■ **What to work on**
Word for word, please restate the line that contains "Lionel Hiawatha arrives" and all lines after it through the end of the material, minus the pictures.

···

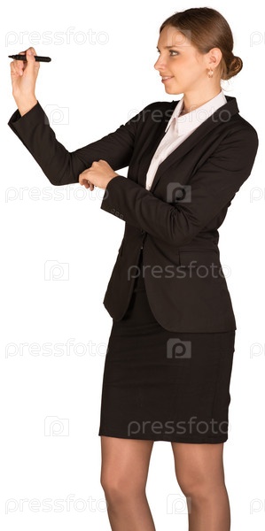 Красивая девушка в деловом костюме что-то пишет
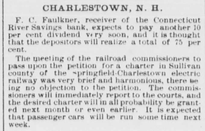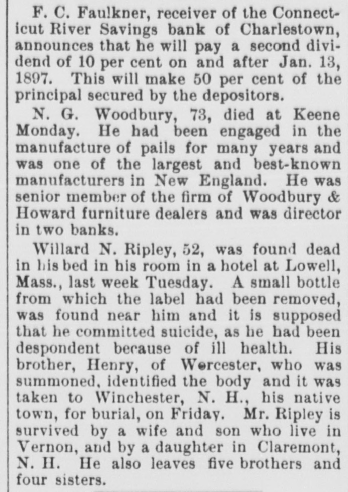 F. C. Faulkner, receiver of the Connecticut River Savings bank of Charlestown, announces that he will pay a second dividend of 10 per cent on and after Jan. 13, 1897. This will make 50 per cent of the principal secured by the depositors. N. G. Woodbury, 73, died at Keene Monday. He had been engaged in the manufacture of pails for many years and was one of the largest and best-known manufacturers in New England. He was senior member of the firm of Woodbury & Howard furniture dealers and was director in two banks. Willard N. Ripley, 52, was found dead in his bed in his room in a hotel at Lowell, Mass., last week Tuesday. A small bottle from which the label had been removed, was found near him and it is supposed that he committed suicide, as he had been despondent because of ill health. His brother, Henry, of Worcester, who was summoned, identified the body and it was taken to Winchester, N. H., his native town, for burial, on Friday. Mr. Ripley is survived by a wife and son who live in Vernon, and by a daughter in Claremont, N. H. He also leaves five brothers and four sisters.
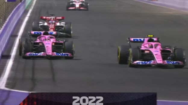 Una de las batalla más increíbles del Gran Premio de Arabia Saudí la protagonizaron dos compañeros, Fernando Alonso y Esteban Ocon con el equipo Alpine, que hace un año mantuvieron un duelo que pudo acabar con las aspiraciones del equipo francés en aquella carrera.
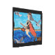 黒い水着の中に星の付いた魔女おもしろいと、海の脇の箒の横に黒猫のケープを置き飛んでいる、その後ろの箒に黒い波打った背景にぶら下がったは、その金属壁のプリント。
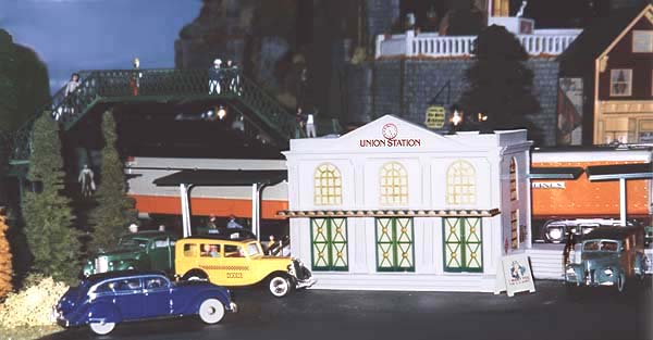 Lionel Hiawatha arrives at Union Station on lower level. Several vehicles (blue Chrysler Airflow, green '38 Cadillac, yellow '35 Ford taxi and '40 Ford woody station wagon) wait to pick up passengers. Note the gawkers watching the activities from the passenger overpass.
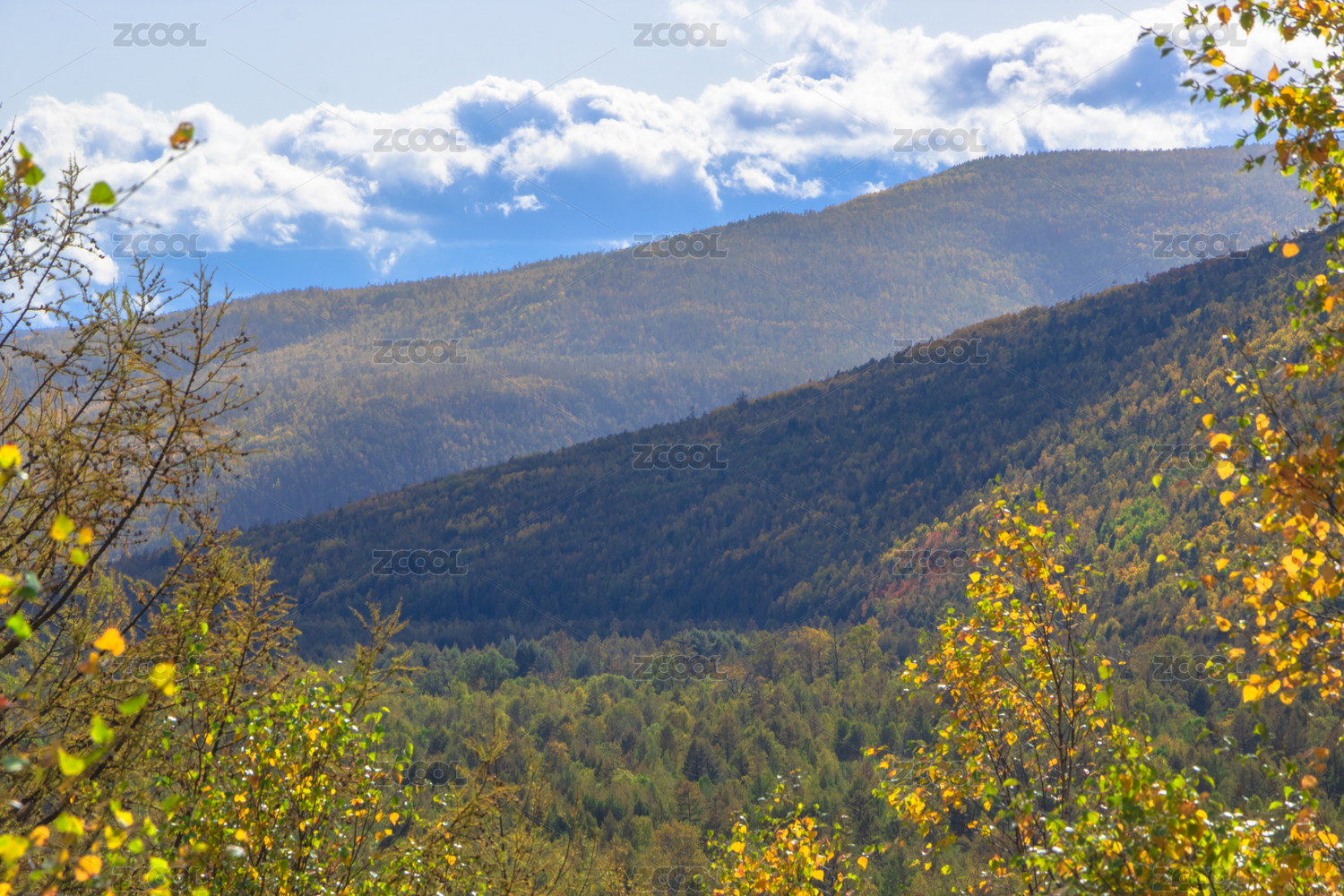秋天山林里满山的红叶、黄叶

···

■ **Task answer**
 Lionel Hiawatha arrives at Union Station on lower level. Several vehicles (blue Chrysler Airflow, green '38 Cadillac, yellow '35 Ford taxi and '40 Ford woody station wagon) wait to pick up passengers. Note the gawkers watching the activities from the passenger overpass.
秋天山林里满山的红叶、黄叶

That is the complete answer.